- Eight thousand G-E rectifiers are used for auto charging because the G-E rectifier makes home charging really practical.
- I believe that the Electric [vehicle] will be the car of the future on account of its simplicity of operations and reliability… The man of moderate means cannot afford a horse and buggy because of the attention required.
Apparently, “electrics” lost the battle with the internal combustion (IC) engine. The IC engine, which powers cars known as internal combustion engine vehicles, or ICEVs, won.
By the way, isn’t the ICEV a terrible acronym, as if there were any good acronyms? I was thinking, is this some new EV?
At this point, I’m reminded of my post regarding Trump, Paris, and the Bumbling Abominable Snow Monster. The market, and only the market, not government Force Majeure, is going to diminish climate change risk. For years I have considered EVs to be a frivolous novelty, but if the populace wants it, someone will deliver, baggage included.
Natural Gas Prices – A Substantial Risk
Consider fuel costs. Natural gas prices, inflation-adjusted, are the lowest they have been in my 20-plus year career in energy efficiency. Nature abhors a vacuum, as they say, and that vacuum is a big one between the price of natural gas and petroleum. The vacuum is also huge between the price of natural gas from U.S. pipelines and natural gas prices in Europe and Asia Pacific.
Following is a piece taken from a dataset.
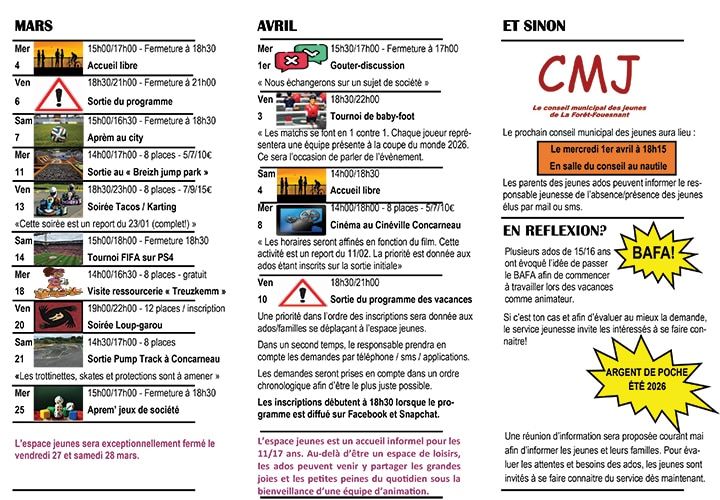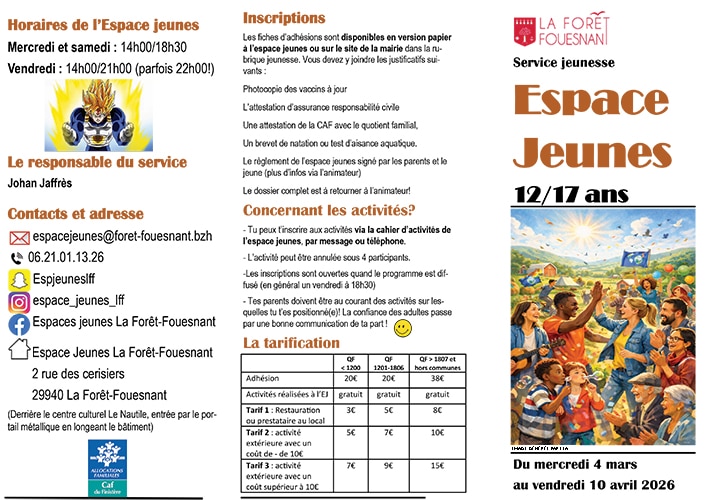 ESPACE JEUNES : le programme de mars & avril Programme Mars et avril 2026 Plus d’infos sur la page du service jeunesse

Rushing to fill the vacuum are hundreds of new petrochemical projects in the U.S., gobbling up cheap natural gas to produce everything from fertilizer to plastics. Also rushing to fill the gaps are liquefied natural gas export and import terminals. And of course, natural gas is filling the gap by displacing coal for generation of zillions of gigawatt hours.
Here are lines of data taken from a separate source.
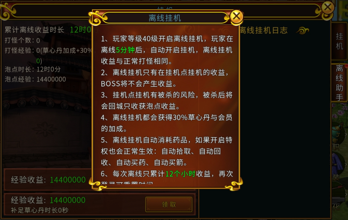 而且在空闲时间,可以选择在野外刷怪来获取打怪经验。达到40级之后正确设置离线挂机,每隔一段时间上线获取收益。
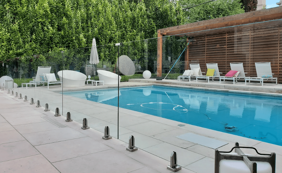 Glass railings make for stylish pool fences, ensuring safety while keeping the area visually open.
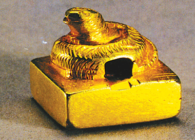 蛇,在中國古代也被視為豐收或子孫繁衍的象征物,特別是在西南或南方地區的古代文化中,常見以蛇為母題的文物。年代最早的是相當于商代晚期古蜀人遺址出土的圓雕石蛇,在四川省成都金沙遺址至少發現過4件,石蛇頭三角形,圓目張口,口唇涂成朱紅色,身軀呈“S”形蟠曲,被認為是用于祭祀或與原始宗教有關的道具。南方地區的青銅器,也常飾有蛇紋,例如廣西恭城出土的春秋時期的青銅尊上就有生動的雙蛇斗蛙連續圖案。稍遲一些生活在西南的古代民族更常以蛇為豐收或大地的象征物,例如云南省晉寧石寨山、江川李家山等地發掘的古代滇人的墓葬中,經常出土以蛇造型的文物。有以蛇頭作銎的青銅鏟,也有以蛇體作柄的青銅劍,柄首是張口的蛇頭,形態極為生動。至于大量出土的以鳥獸人物為題材的青銅扣飾上,更是多飾有糾纏蟠曲的長蛇。一些表現祭祀、祈年等場景的青銅儲貝器蓋上的立體群雕中,也少不了蛇的身影。特別是在一座滇王的墳墓中,出土了西漢中央頒賜的黃金印,印文為“滇王之印”,印上的印紐也鑄成一條蟠曲的金蛇,成為滇王高貴身份和權威的象征。

As of last fall, gas exports rose by 50% in six years, and for the first time in 60 years, natural gas exports exceeded imports. Big oil has invested $700 billion in gas projects all over the globe. The upshot is natural gas is now a global fuel with prices set on the world market, like petroleum.
Since natural gas is the major fuel for electricity, the global market for natural gas will push up electricity costs.
Moving back to EVs, rising prices for natural gas is going to increase electricity costs and increase the cost of fueling EVs. Of course, renewables will also provide some of the electrons to fuel EVs, but renewables differ. In California, renewables largely disappear at night as the sun sets. In the great plains, renewable generation increases at night, on average, when the wind speed is higher.
Charging – Where, When, How?
Options become charging with extreme charging stations during the middle of the day (California). At the WPUI workshop, I learned 400-plus kW wireless charging technology already exists. This makes it possible to develop multi-megawatt supercharging stations with many slots, like a fuel oasis. Extreme chargers charge at a rate of 700 miles of range per hour of charging. The gas pump is still about ten times that rate, but 700 mph beats the heck out of about 20 miles per hour of charging at your home, where incidentally, as the ad notes above, people still want to charge their EVs.
It is interesting how fast the tables turn. Recently, I was thinking Californians will be charging their cars at night with electricity produced by natural gas. What is the point? Why not just burn natural gas for car fuel? The same objectives are achieved: greatly reduced local emissions that result in smog and ground-level ozone. Plus, drive range anxiety is diminished (I also learned at WPUI that EV owners are obsessed with topping off their batteries to minimize range anxiety).
Or EV supercharging stations could soak up a lot of daytime solar generation, but that takes some commitment. Fast chargers have to be fast enough to make it worth the wait, like 10 minutes or less, or they are a hassle to use. Customers will pay for these chargers by the precious minute, not kWh. Is that not interesting? In today’s experimental times, a lot of public charging is free. This, of course, will not stand.
The only thing that is certain is behind the scenes, stuff is going to get incredibly complex:
- Demand charges
- Time of use pricing
- Energy storage
- Primary fuel prices
- Variable, and in some places wildly unpredictable, renewable generation (wind)
How does this all get priced to the consumer? Consumers think LED bulb characteristics are complicated? What will they think about miles per kWh? By the way, the mpg equivalent for electric cars is, uh, dumb.
 Not to be confused with Tesla’s wimpy 140 kW supercharging station.